The announcement of a new species, Homo floresiensis, a primitive hominin that survived until relatively recent times is an enormous challenge to paradigms of human evolution. Until this announcement, the dominant paradigm stipulated that: 1) only more derived hominins had emerged from Africa, and 2) H. sapiens was the only hominin since the demise of Homo erectus and Homo neanderthalensis. Resistance to H. floresiensis has been intense, and debate centers on two sets of competing hypotheses: 1) that it is a primitive hominin, and 2) that it is a modern human, either a pygmoid form or a pathological individual. Despite a range of analytical techniques having been applied to the question, no resolution has been reached. Here, we use cladistic analysis, a tool that has not, until now, been applied to the problem, to establish the phylogenetic position of the species. Our results produce two equally parsimonious phylogenetic trees. The first suggests that H. floresiensis is an early hominin that emerged after Homo rudolfensis (1.86Ma) but before H. habilis (1.66Ma, or after 1.9Ma if the earlier chronology for H. habilis is retained). The second tree indicates H. floresiensis branched after Homo habilis.
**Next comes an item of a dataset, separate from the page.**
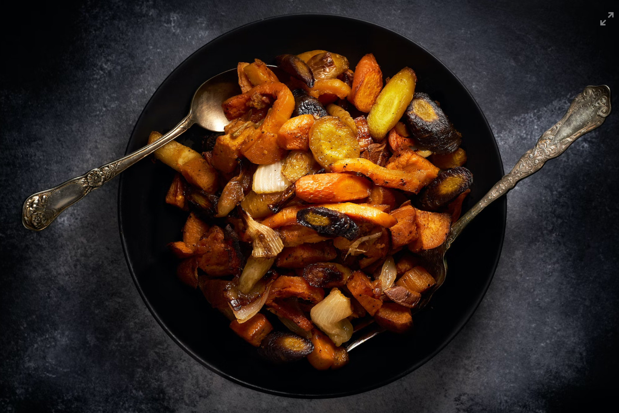 Our oven roasted root vegetable like carrot, sweet potato and potato in paprika, cumin, EVOO and garlic. (Vegan, GF, Soy Free, Nut Free, Sugar Free)
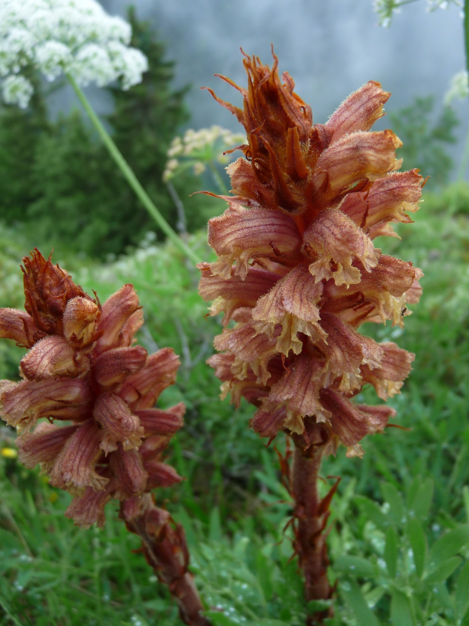 Le reste de la matinée nous avons pu cheminer sur les Grès de Septmoncel. De belles étendues fleuries, avec sur les crêtes de grandes étendues de Laserpitium siler - Laser siler (Apiacées). Il y avait aussi un grand nombre d'orobanches inféodées à cette plante Orobanche laserpitii-sileris - Orobanche du laser (Orobanchacées). On notera quelques observation particulières d'orchidées et de pyroles.

Brain shape in human microcephalics and Homo floresiensis

Because the cranial capacity of LB1 (Homo floresiensis) is only 417 cm3, some workers propose that it represents a microcephalic Homo sapiens rather than a new species. This hypothesis is difficult to assess, however, without a clear understanding of how brain shape of microcephalics compares with that of normal humans. We compare three-dimensional computed tomographic reconstructions of the internal braincases (virtual endocasts that reproduce details of external brain morphology, including cranial capacities and shape) from a sample of 9 microcephalic humans and 10 normal humans. Discriminant and canonical analyses are used to identify two variables that classify normal and microcephalic humans with 100% success. The classification functions classify the virtual endocast from LB1 with normal humans rather than microcephalics. On the other hand, our classification functions classify a pathological H. sapiens specimen that, like LB1, represents an ≈3-foot-tall adult female and an adult Basuto microcephalic woman that is alleged to have an endocast similar to LB1s with the microcephalic humans. Although microcephaly is genetically and clinically variable, virtual endocasts from our highly heterogeneous sample share similarities in protruding and proportionately large cerebella and relatively narrow, flattened orbital surfaces compared with normal humans. These findings have relevance for hypotheses regarding the genetic substrates of hominin brain evolution and may have medical diagnostic value. Despite LB1s having brain shape features that sort it with normal humans rather than microcephalics, other shape features and its small brain size are consistent with its assignment to a separate species.